Comment 2 Caolan McNamara 2007-10-16 08:28:21 UTC
Let me try and guess and tell me if I'm right, you ran OOo in e.g. en_US.UTF-8
locale and inputted in CJK text from the input engine ?

If so then after tools->options->language settings->enable CJK is turned on
you'll see that the default CJK font is probably some fairly random western font
so we have to look up every typed CJK character to find an appropiate font for it. 

If you rinse and repeat with a installed CJK font already selected for CJK text
it probably will be much much lower impact as the glyph substitution work is
removed. A japanese font is selected automatically if started in  the ja_JP
locale, so under normal use it should be acceptable performance, and for
edge-case work it suffices.

Comment 3 sangu 2007-10-16 09:52:51 UTC
Current locale is ko_KR.UTF-8 in my linux box.
(In reply to comment #1)
> It it a new phenomenon ?, 
Yes, it's a new pheonmeon. 

>and does it also happen if you paste a stack of text into writer,
No. 

>  do you have the neccessary fonts installed to display korean and japanese.
yes.
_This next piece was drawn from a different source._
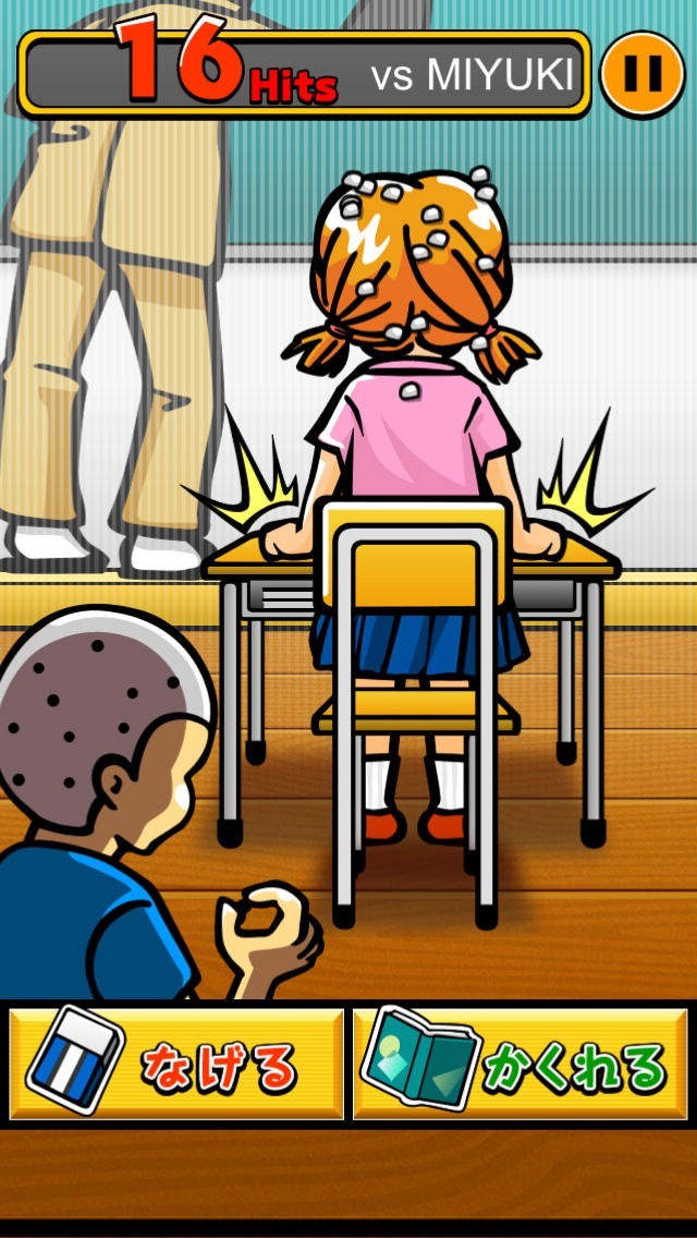 学校で様々なイタズラを考えたとしても、今のご時世なかなかリアルに実行できないものです。そんな少年、少女にオススメしたいのがこの「けしカスとばし」!アプリの中に出てくるクラスメイトにけしカスをとばし、嫌という程イタズラできます!「なげる」と「かくれる」という二つのボタンを駆使してイタズラするだけなので、操作もとても簡単です!コツは、クラスメイトが真面目に授業を受けているうちは、ひたすら早い連打でけしカスを投げ、クラスメイトが頭に手を動かした瞬間に「かくれる」ボタンを押す事です。この判断を早くする事でまずバレる事は無く、心ゆくまで消しカスを投げる事が出来ます!現実ではできないうっぷんを、アプリで発散させましょう!

I have installed korean and japanes fonts.

Reporeted problem was fixed in 2.3.0-6.3.fc8, but still happens in en_US.UTF-8.


(In reply to comment #2)
> Let me try and guess and tell me if I'm right, you ran OOo in e.g. en_US.UTF-8
> locale and inputted in CJK text from the input engine ?
I use OOo in ko_KR.UTF-8. Fixed in 2.3.0-6.3.fc8.
But When speedily input Korean and Japanese, OOo has High cpu load in en_US.UTF-8.
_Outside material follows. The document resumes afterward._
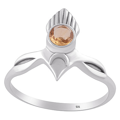 Alluring Pattern Handcrafted Around Citrine Round Shape 925 Sterling Solid Silver Ring

> If so then after tools->options->language settings->enable CJK is turned on
> you'll see that the default CJK font is probably some fairly random western font
> so we have to look up every typed CJK character to find an appropiate font for
it. 
Where is "enable CJK" option? I can't find the option.
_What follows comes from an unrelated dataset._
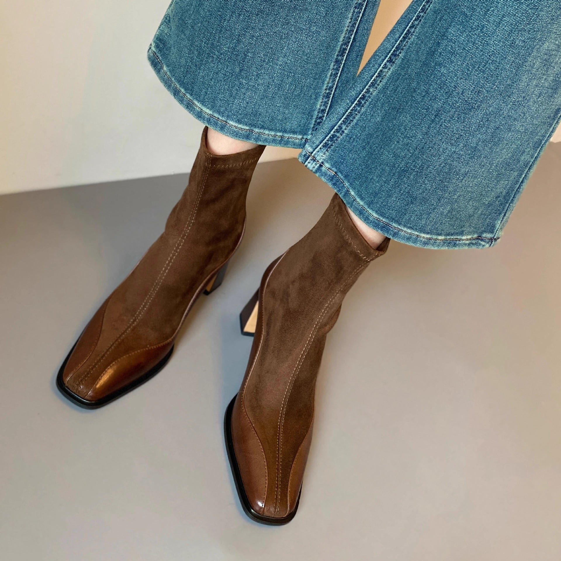 Boots with a little attitude: Featuring a sleek, seductive design, these boots are elevated by a block heel and smooth leather that beautifully contrasts with the dark, rich suede. They're so comfortable, you'll want to live in them.

Sorry about delay response.

When input CJK characters in en_US.UTF-8, OOo 2.3.0-6.3.fc8 has High CPU load.


Comment 4 Caolan McNamara 2007-10-16 10:20:14 UTC
In en_US use tools->options->language settings->languages->Enhanced language
support, toggle "Enabled for Asian languages" on

For a CJK locale it is automatically enabled. Doing this just makes the CJK
parts of the dialogs visible so we can see what font is used for CJK by default.
After using that, format->character will show the "Asian text font". What font
is shown there ? Change it to a suitable font for e.g. Japanese use Sazanami
Gothic and then type Japanese characters and see if the load is then much lower
than when typing Japanese with a non-suitable font selected.

I suspect we just have high load because we're forced to constantly glyph
substitute for each character while it is being typed in, something that isn't
neccessary in the "normal" case of running OOo in the locale that the user
writes text in.

Comment 5 Caolan McNamara 2007-11-02 13:18:12 UTC
ok, so it's the glyph substitution stuff, I don't really know if theres actually
any way to fix this given the limitations of what we need to do to find the glyphs.

We've just gotten the substitution code integrated into 2.3.1, so hopefully from
that release on we've got everyone in the OOo world working from the same place
and we'll improve performance. So I'll close this as CANTFIX which sounds harsh
but I have hopes that this will improve by the next release.